Provided material:
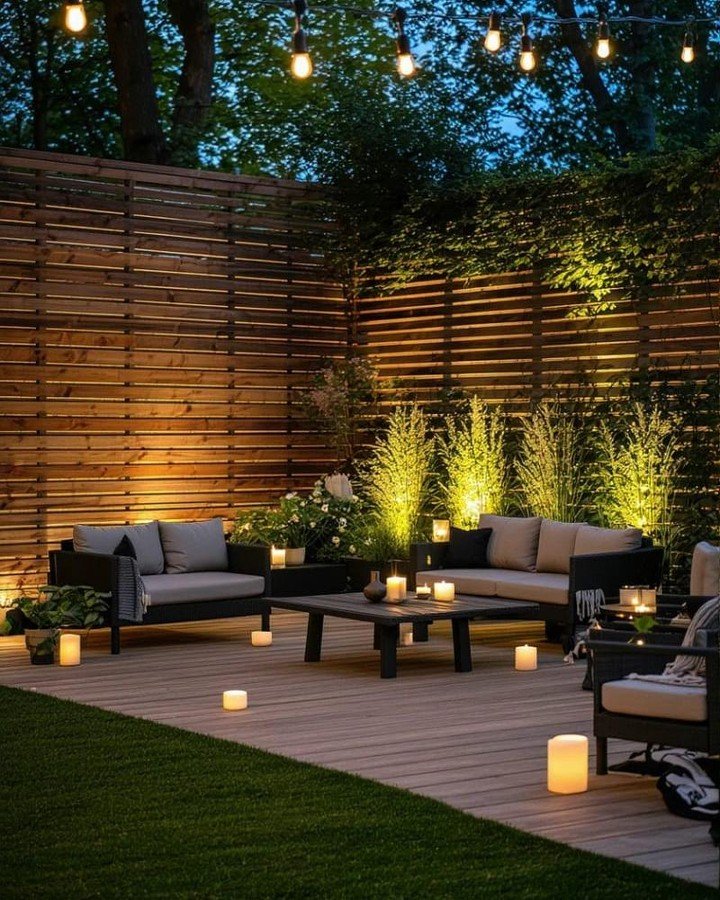 Soft string lights, lanterns, and low step lighting work best. They create warmth without feeling harsh or bright.
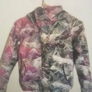 Stylish jacket with a vibrant multicolor pattern. Features shades of pink, green, and black.
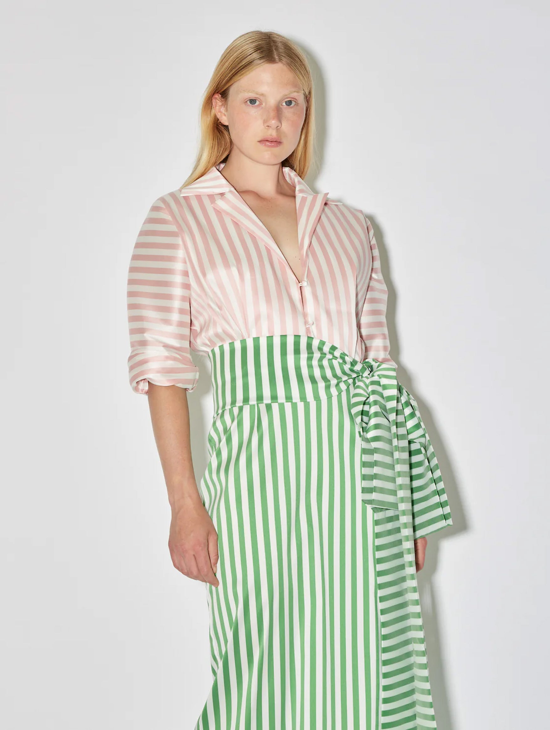 Get notified when Claire Stripe Dress in Grass Green & Blush Pink - 38 (S) / Multi comes back in stock.
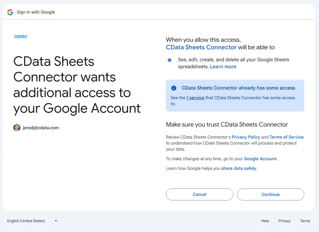 - Configure the connection to Google Sheets

What this task involves: Everything from the line that contains "Get notified when" to the final line of the data is to be duplicated exactly, both ends included, except the pictures.

Completed exercise:
 Get notified when Claire Stripe Dress in Grass Green & Blush Pink - 38 (S) / Multi comes back in stock.
 - Configure the connection to Google Sheets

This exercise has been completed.